◆ Exercise aim ◆
Only the lines from the one containing "As crianças vão" through the end of the records should be retyped, exactly and including both ends; pictures stay out.

◆ Working data ◆
━━━━━━
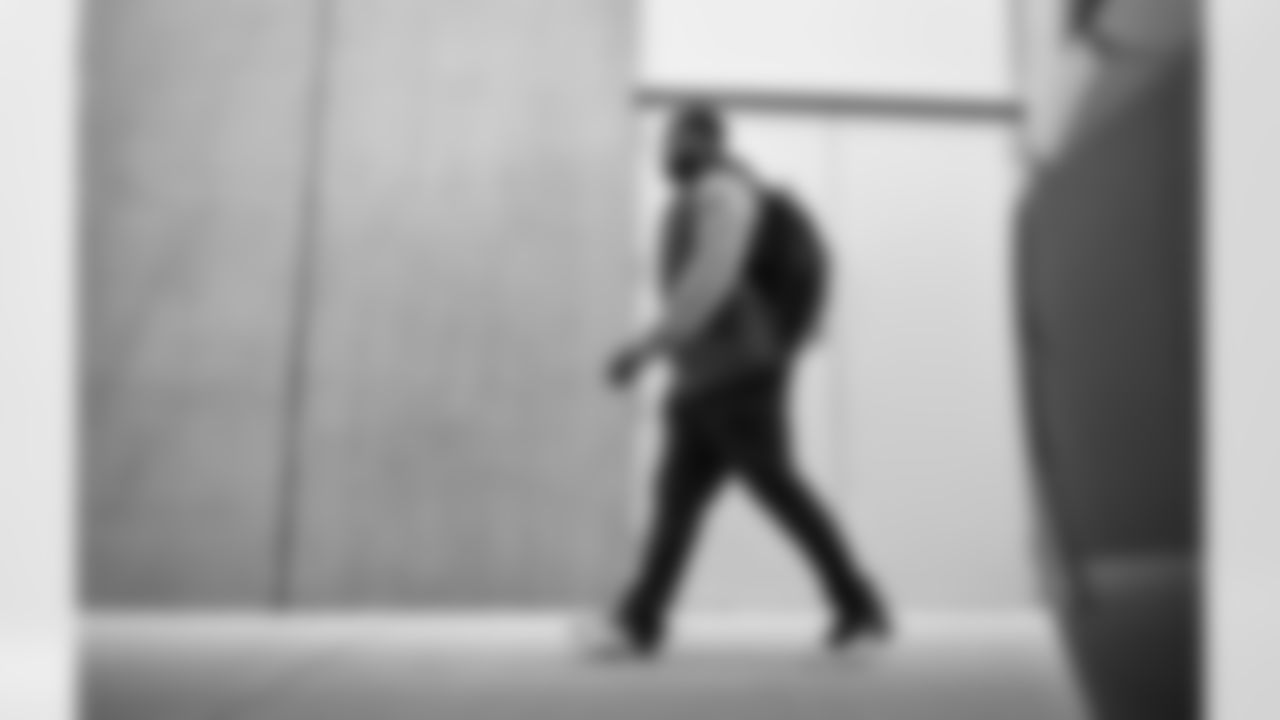 Atlanta Falcons center Josh Andrews #68 arrives prior to a game against the New Orleans Saints at Mercedes-Benz Stadium in Atlanta, Georgia on Sunday, January 9, 2022. (Photo by Dakota Williams/Atlanta Falcons)
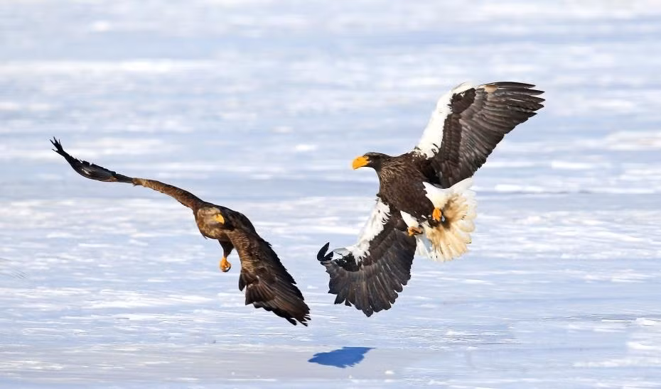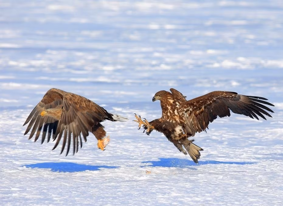 Những khi căng thẳng, những con chim đại bàng cũng không ngại trở mặt với nhau, kịch chiến trên bầu trời, tất cả đều vì miếng ăn.
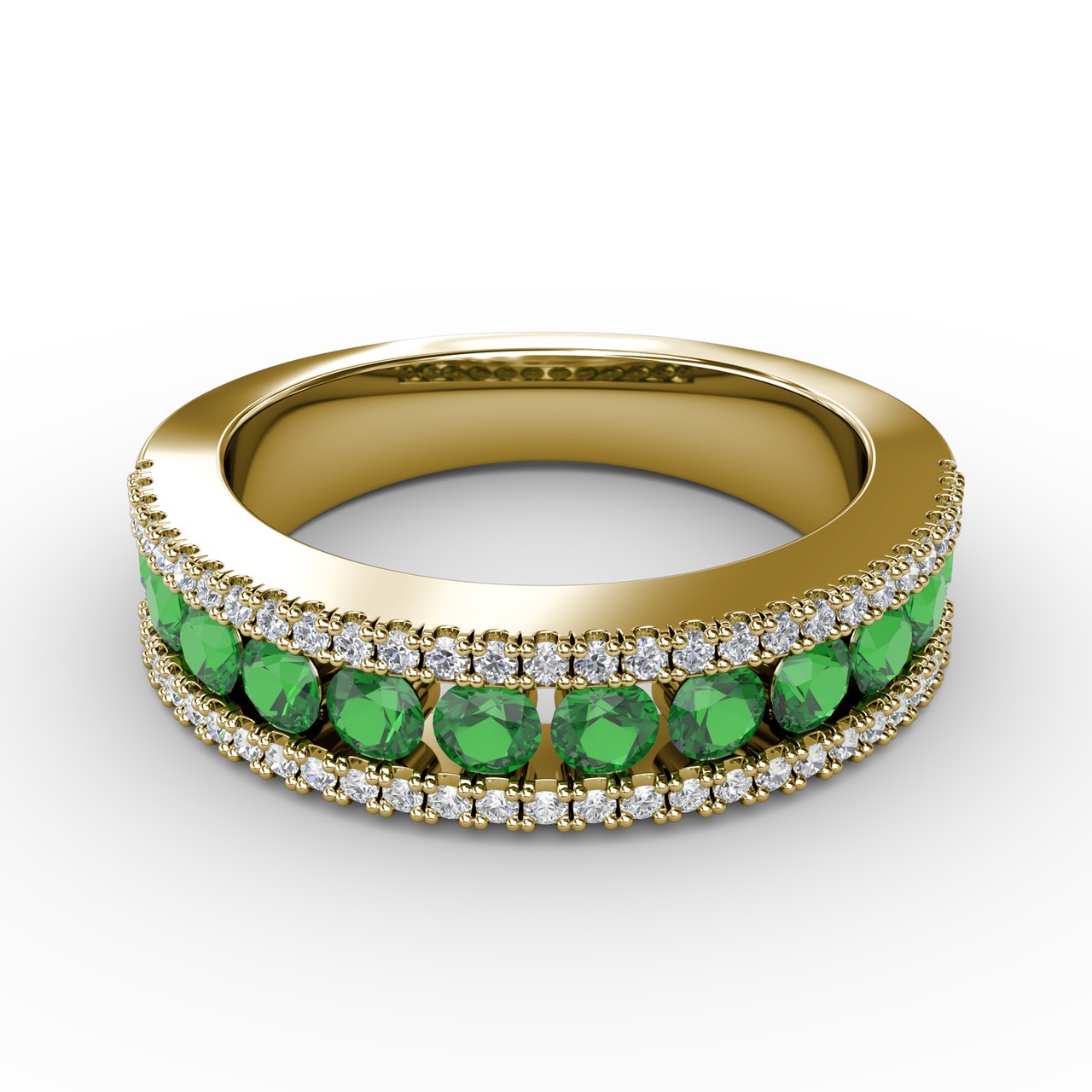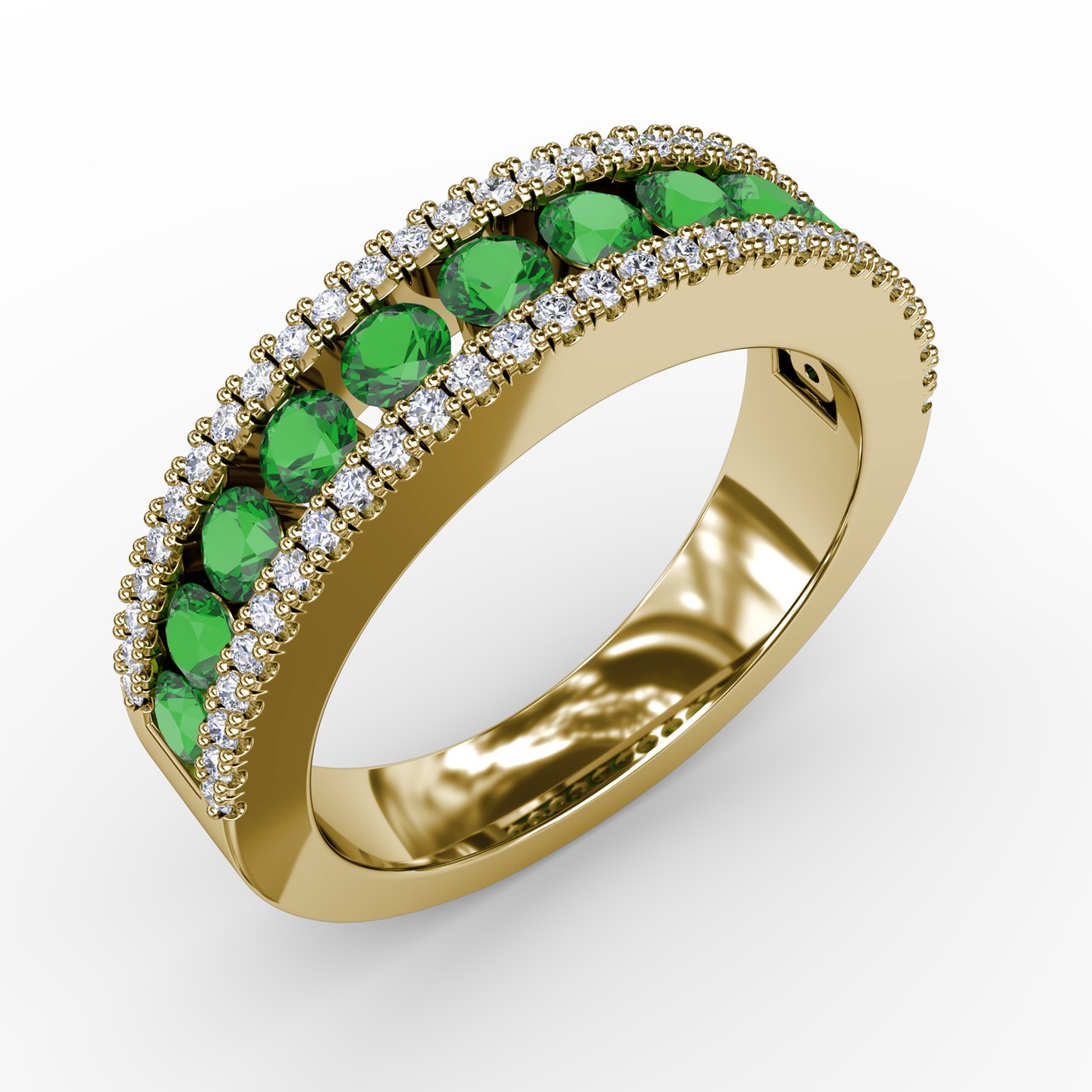 This destined to be emerald and diamond channel setting ring comes in a variety of material types like 14k white gold, yellow gold, rose gold and can be customized. Fana gemstone fashion rings are perfect for that special woman in your life.
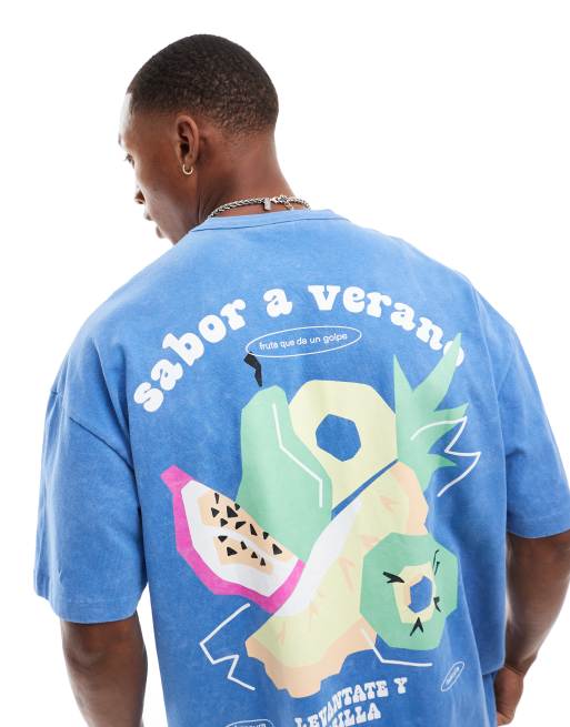 ASOS DESIGN – T-shirt oversize o gramaturze 220 gsm, w spranym kolorze niebieskim, z nadrukiem
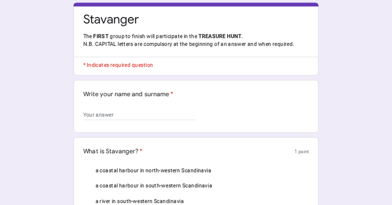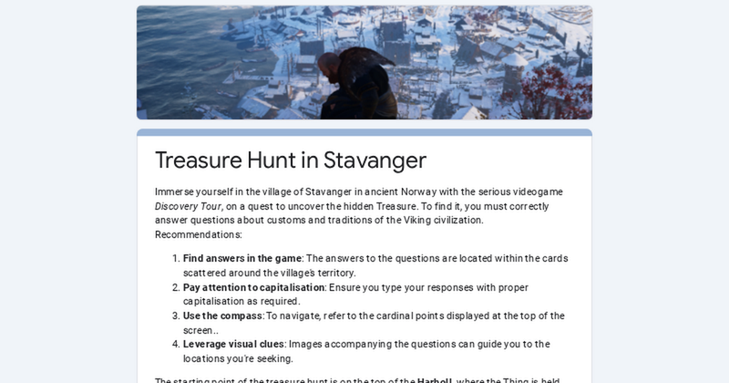 Immerse yourself in the village of Stavanger in ancient Norway with the serious videogame Discovery Tour, on a quest to uncover the hidden Treasure. To find it, you must correctly answer questions about customs and traditions of the Viking civilization. Recommendations: Find answers in the game: The answers to the questions are located within the cards scattered around the village's territory. Pay attention to capitalisation: Ensure you type your responses with proper capitalisation as required. Use the compass: To navigate, refer to the cardinal points displayed at the top of the screen.. Leverage visual clues: Images accompanying the questions can guide you to the locations you're seeking. The starting point of the treasure hunt is on the top of the Harholl, where the Thing is held. GOOD LUCK!
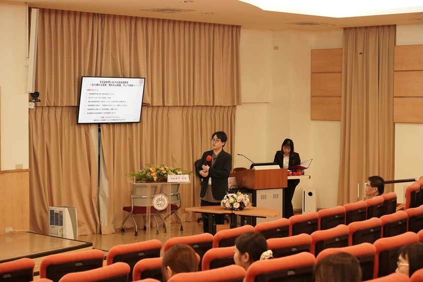 圓桌論壇以「東呉から始まった物語:日本語教師たちの軌跡」為題,邀請優秀日語教師分享寶貴的教育現場經驗。論壇後,由日本御茶水女子大學西坂祥平副教授發表演講,講題為「多言語世界における日本語教育—立ち現れる現実、問われる前提、そして未来へ—」,以前瞻性視角為日語教育的未來發展指明新方向。
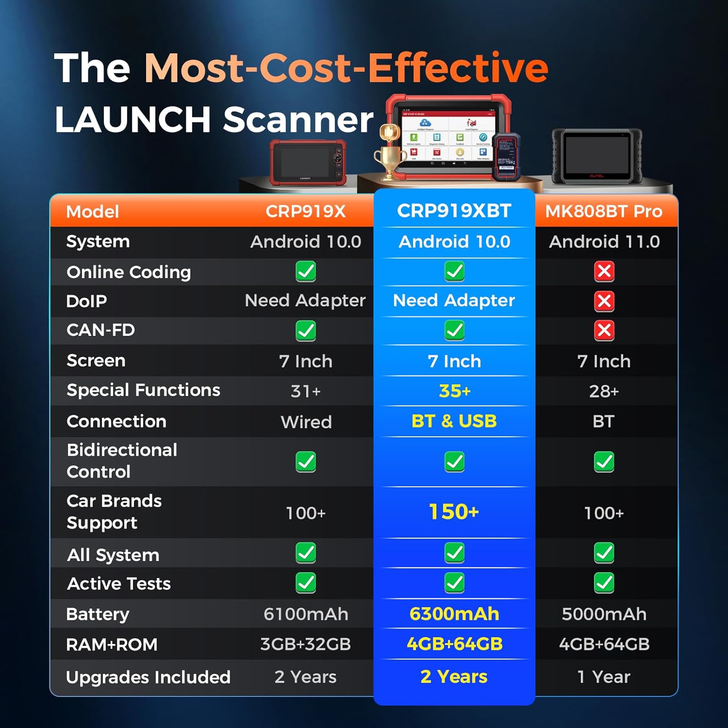- [Why Choose CRP919X BT] Because this 2025 LAUNCH scanner leaves other scan tools in the dust. ✅ Beats Autel MK808BT Pro / MK808S on features; less costs, more features. ✅ ECU coding matches luxury LAUNCH scanners X-431 PROS V+ 5.0 / PROS Elite. ✅ Extra functions you won’t find at this level: FCA AutoAuth, CAN-FD, DoIP, and built-in V.A.G step-by-step guides. ✅ Full wireless via Blu.t00th. ✅ Android 10.1, 4 GB RAM, 64 GB storage + 6,300 mAh battery = 14+ hours of nonstop smooth work.
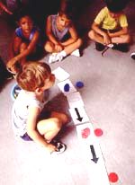 As crianças vão transformar uma peça em outra seguindo uma seqüência de comandos estabelecida pelo professor. Esses comandos são indicados numa linha por setas, combinadas com atributos. No exemplo da foto, vemos uma seqüência iniciada com os atributos círculo, azul e grosso. As crianças então escolhem a peça correspondente. O comando seguinte é mudar para a cor vermelha. As crianças selecionam um círculo grosso e vermelho. Em seguida, devem mudar para a espessura fina. Então, um círculo vermelho e fino é selecionado. Assim por diante, o professor pode continuar acrescentando comandos ou pode apresentar uma seqüência pronta. Depois é feito o processo inverso.
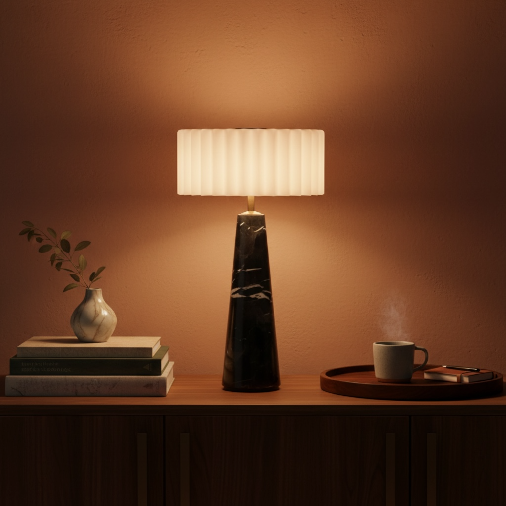 Zacht, warm licht dat elke ruimte direct tot rust brengt. Aanwezig op tafel, zonder ooit te overheersen.
━━━━━━
◆ Answer space ◆
 As crianças vão transformar uma peça em outra seguindo uma seqüência de comandos estabelecida pelo professor. Esses comandos são indicados numa linha por setas, combinadas com atributos. No exemplo da foto, vemos uma seqüência iniciada com os atributos círculo, azul e grosso. As crianças então escolhem a peça correspondente. O comando seguinte é mudar para a cor vermelha. As crianças selecionam um círculo grosso e vermelho. Em seguida, devem mudar para a espessura fina. Então, um círculo vermelho e fino é selecionado. Assim por diante, o professor pode continuar acrescentando comandos ou pode apresentar uma seqüência pronta. Depois é feito o processo inverso.
 Zacht, warm licht dat elke ruimte direct tot rust brengt. Aanwezig op tafel, zonder ooit te overheersen.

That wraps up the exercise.